Opinion: Perhaps this is how the world ends: with comprehensive coverage and compelling real-time graphics.
As Hurricane Milton gathered itself for a run at the west coast of Florida, YouTube was thronged with organisations and individuals bringing us weather news. Dozens of local TV channels streamed live to the internet. There were also the YouTube weather nerds, with more complex numbers and less charisma, and their foolhardy brothers, the storm-chasers. Even New Zealand’s own WeatherWatch pitched in with videos and maps, helpfully expressing the fluctuating wind speeds in miles per hour for American audiences.
There were silent witnesses, too. Twenty-four years after a handful of webcams bore accidental witness to the 9/11 terror attacks, there are cameras everywhere connected to the internet – overlooking turbulent shorelines and deserted streets, or built into doorbells purchased at hardware stores. We see the power of nature so well now.
Meanwhile, TV meteorologists got death threats. “Murdering meteorologists won’t stop hurricanes,” tweeted Katie Nickolaou, the Emmy-winning meteorologist for a CBS affiliate in Michigan. “I can’t believe I just had to type that.”

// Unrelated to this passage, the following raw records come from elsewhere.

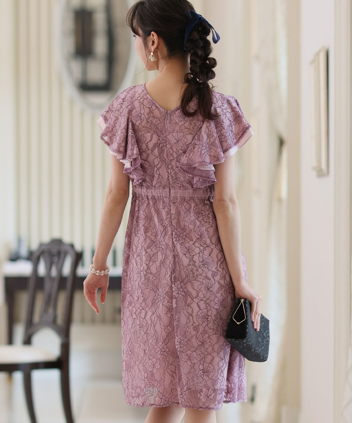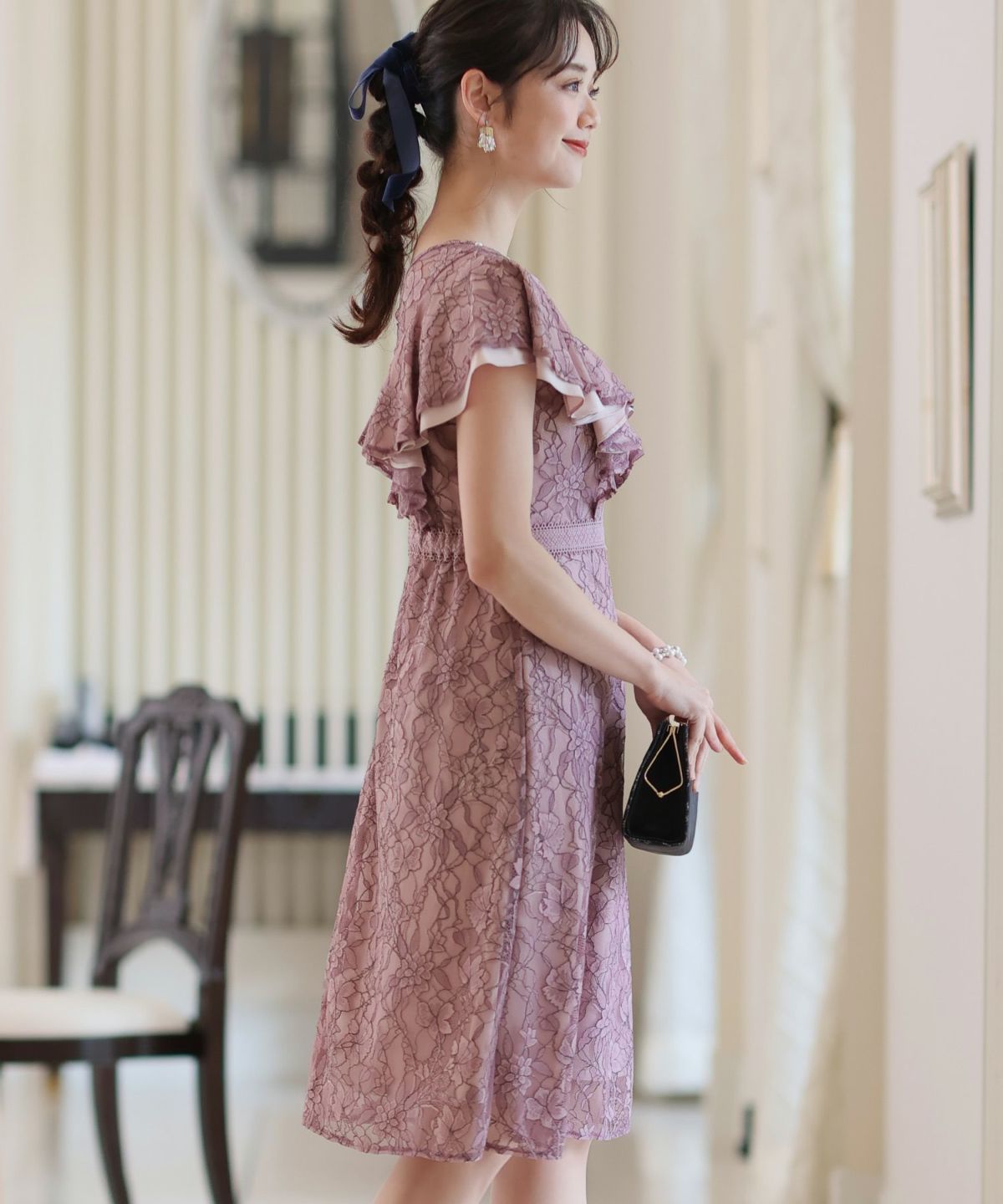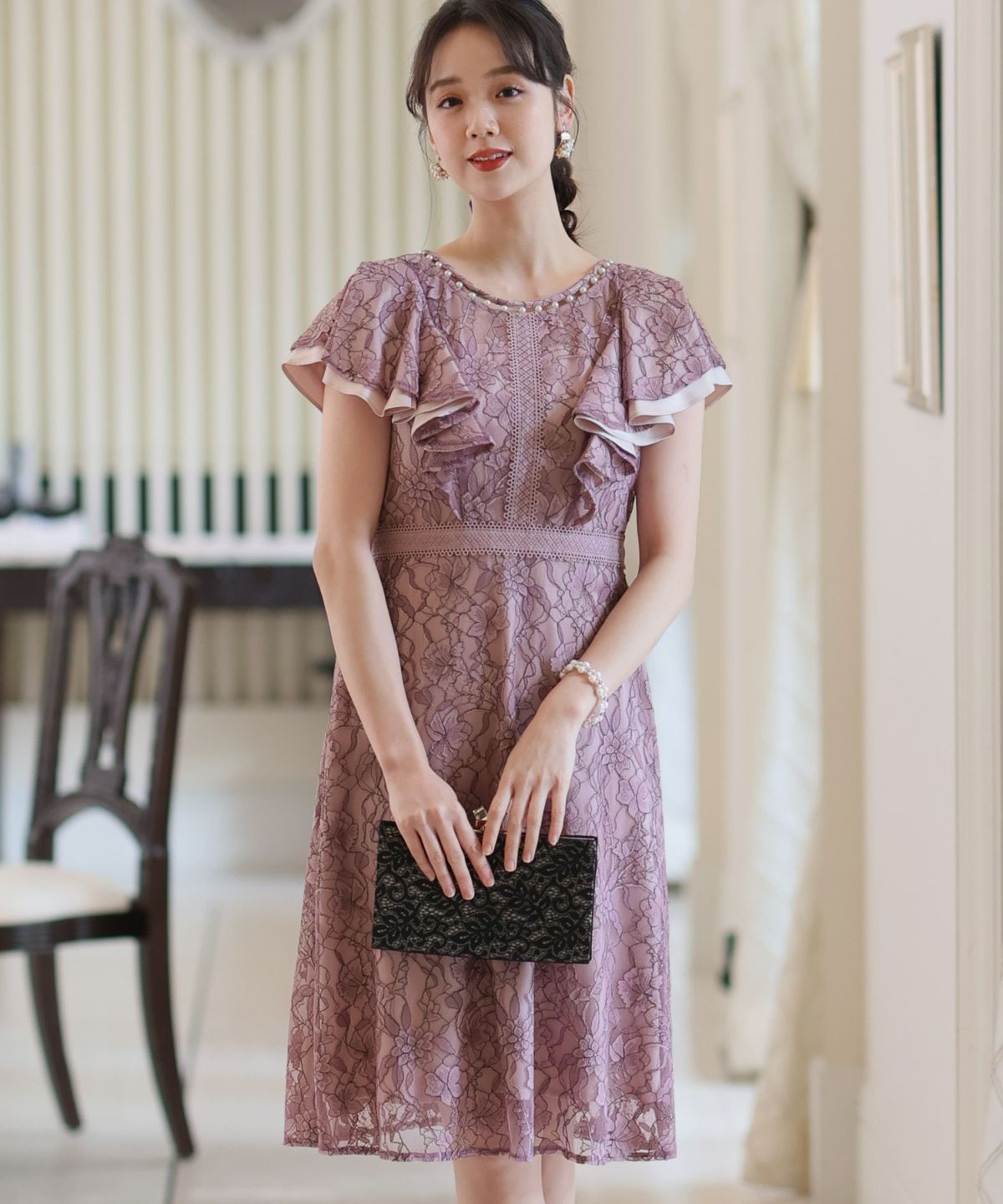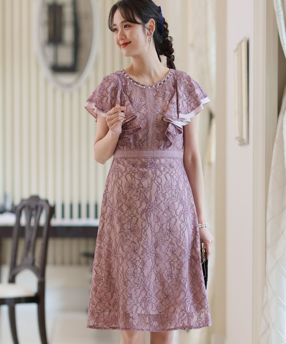 ■フリル×パールラッフルスリーブとネックラインのパールが可愛いワンピースです。配色レースとレーステープの組み合わせがおしゃれ。袖のフリルデザインが甘めでフェミニンな印象に。オケージョンはもちろん、特別な日のお出かけにもおすすめです。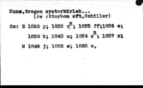 Kuno,trogen systerkärlek... //// (Ar Atterbo® eft.Sohiller) //// Se: E 1826 p* 1852 q5; 1835 ff;l836 e; //// 1839 k; 1843 o* 1354 s®*, 1857 %% //// N 1846 J; 1855 e; 1865 a,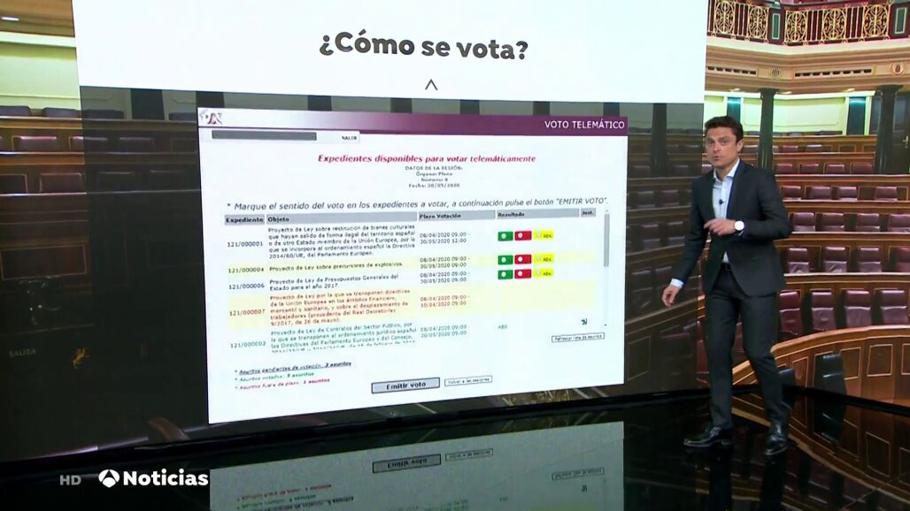 Los diputados ven en la pantalla las preguntas a un lado y al otro, el voto por colores: Verde, para votar 'Sí'; el rojo es 'No'; y amarillo para la abstención. Más tarde le deben dar a 'Emitir voto' y aparece una segunda pantalla para confirmarlo. Por lo tanto, si se han equivocado, pueden corregirlo. Después, de esta doble confirmación, le dan a finalizar y el sistema emite un justificante con lo que se ha votado.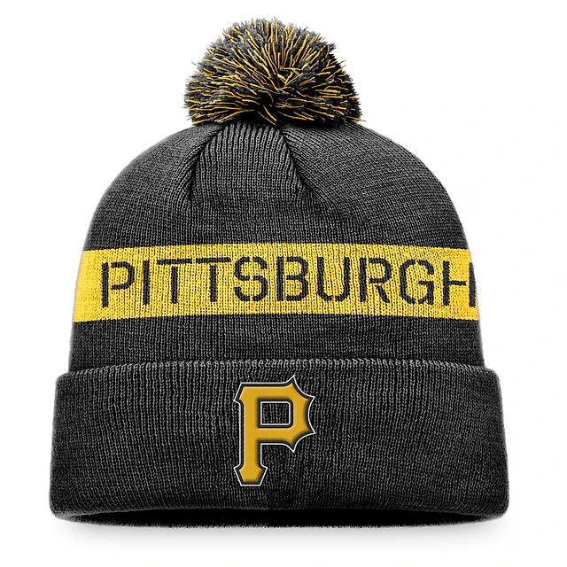 Bonnet en tricot à revers à rayures Fanatics noir Pittsburgh Pirates pour hommes avec pompon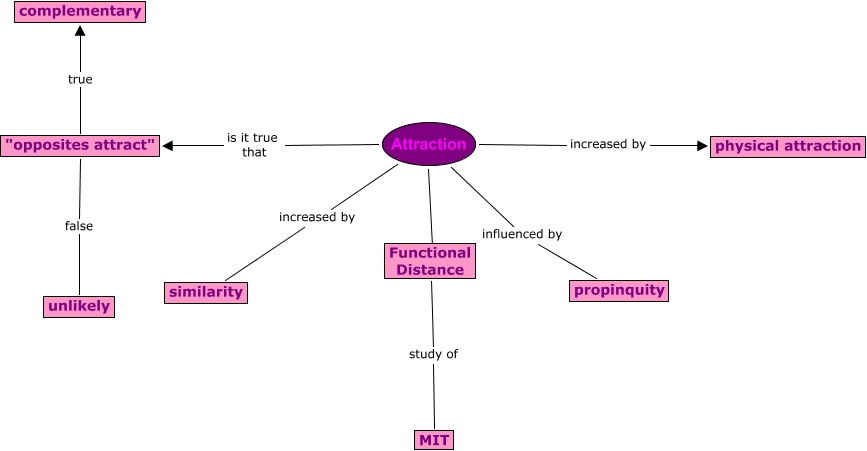 This Concept Map, created with IHMC CmapTools, has information related to: Attraction, Attraction Study Functional Distance, Attraction influenced by propinquity, Attraction increased by similarity, Attraction increased by physical attraction, "opposites attract" false unlikely, Functional Distance study of MIT, "opposites attract" true complementary, Attraction is it true that "opposites attract"

Their supposed crime was to do their jobs in a febrile political climate. It wasn’t just that they brought climate change into the conversation, it was that they failed to credit the absurd idea that the giant hurricane was the result of weather manipulation by the federal government. As WeatherWatch’s Philip Duncan observed, the energy embodied in an average hurricane is “around 1.5 trillion watts of power – equivalent to about half the world’s entire electrical-generating capacity in a year”. Any government capable of marshalling that much natural energy surely has more lucrative things to do than cook up hurricanes to annoy its political rivals.
Yet, when Republican congresswoman Marjorie Taylor Greene tweeted that of course “they” could control the weather and “it’s ridiculous for anyone to lie and say it can’t be done”, she had millions believing her. Such are the times that President Joe Biden eventually felt the need to publicly state that he could not summon hurricanes.
The TV weather presenters carried on, as light on their feet as boxers, pointing at their vivid meteorological images and rattling off the latest numbers like auctioneers.
As the storm passed over, another element of American broadcasting became clear: its enviable localism. Affiliates of the big TV networks delivered updates, warnings and community notices on what sometimes seemed like a street-by-street basis.
We, the world, also saw the commercials paying for it all. Alongside brutal advocacy ads connected to Florida’s ballot initiatives on cannabis and abortion were ambulance-chasing insurance lawyers and local companies touting replacement roofs and whiteware to the stricken.
America may not be in control of its many crises, but it is quite adept at making money from them.
It could be a hard trick to sustain. Milton, on the heels of Helene, tied the record for landfalls in a single hurricane season and set records for tornado warnings in a single day (126) and, in several cities, for rainfall. CNBC quoted Wall St analysts who thought the insurance cost could reach US$175 billion. The six most costly US hurricanes, in inflation-adjusted dollars, have all struck since 2000, five since 2010. Floridians face the highest home insurance costs in the nation and 20% of homeowners there now simply go without.
Earlier this year, Florida governor Ron DeSantis championed a law removing most references to climate from the state’s laws and regulations.
Gil Scott-Heron may have been right when he famously declared that the revolution would not be televised. But in the 2020s, catastrophic weather makes great TV in a way that moral crises do not. Perhaps that’s where it’s going. Perhaps the end of the world as we know it will not only be televised, it’ll be pay per view.